**Exercise objective:**
Reproduce every line below exactly as written; do not include the images.

**Data segment:**
▬▬▬▬▬▬
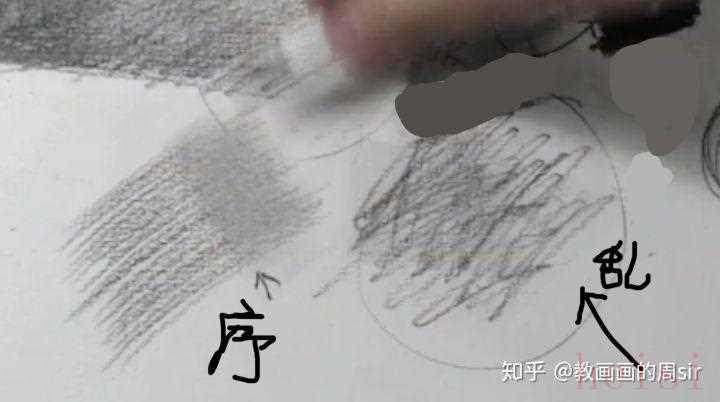 第一個,排線的時候呀,你要把線條排均勻,有秩序,如果你像右邊這樣排線,那是肯定揉不勻的。而左邊那樣的線條,一下子就揉勻了。
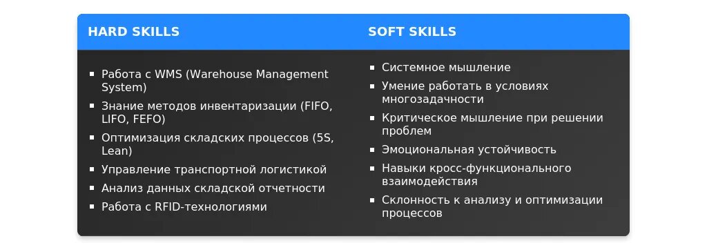 Пример 2: "Опыт работы с WMS-системами (1С, SAP, Oracle) — 7 лет."
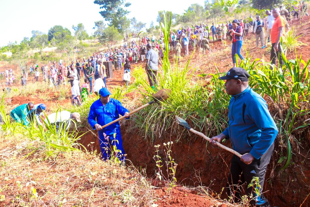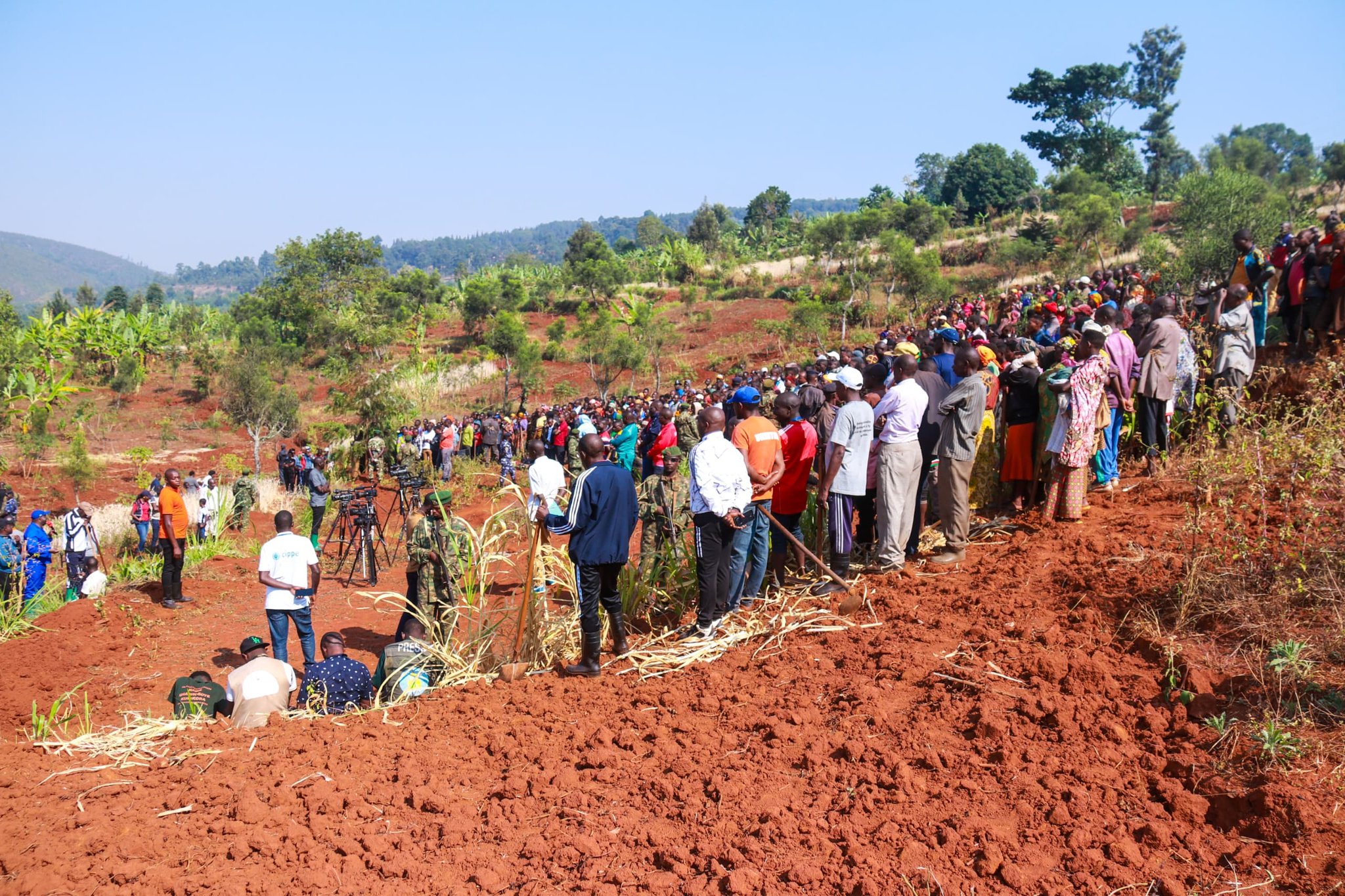 Gitega (Mwaro), 25/07/2024 – En symbiose avec la politique socio-économique des Barundi, notamment environnementale, la Caravane Inkebuzo poursuit son parcours. En compagnie de Mme. Sabushimike Imelde, Ministre de la Solidarité Nationale, S.E. Ndayishimiye Evariste, Général Major et Président du Burundi, a rejoint la population, en particulier les élèves en vacances de la commune Kayokwe, sur la colline Kibogoye. Ensemble, ils ont réalisé des Travaux de Développement Communautaire (TDC : https://bdiagnews.com/TDC), consistant à tracer des courbes de niveau. Les TDC sont un pilier de la politique socio-économique des Barundi.
▬▬▬▬▬▬
**Solution to this task:**
 第一個,排線的時候呀,你要把線條排均勻,有秩序,如果你像右邊這樣排線,那是肯定揉不勻的。而左邊那樣的線條,一下子就揉勻了。
 Пример 2: "Опыт работы с WMS-системами (1С, SAP, Oracle) — 7 лет."
 Gitega (Mwaro), 25/07/2024 – En symbiose avec la politique socio-économique des Barundi, notamment environnementale, la Caravane Inkebuzo poursuit son parcours. En compagnie de Mme. Sabushimike Imelde, Ministre de la Solidarité Nationale, S.E. Ndayishimiye Evariste, Général Major et Président du Burundi, a rejoint la population, en particulier les élèves en vacances de la commune Kayokwe, sur la colline Kibogoye. Ensemble, ils ont réalisé des Travaux de Développement Communautaire (TDC : https://bdiagnews.com/TDC), consistant à tracer des courbes de niveau. Les TDC sont un pilier de la politique socio-économique des Barundi.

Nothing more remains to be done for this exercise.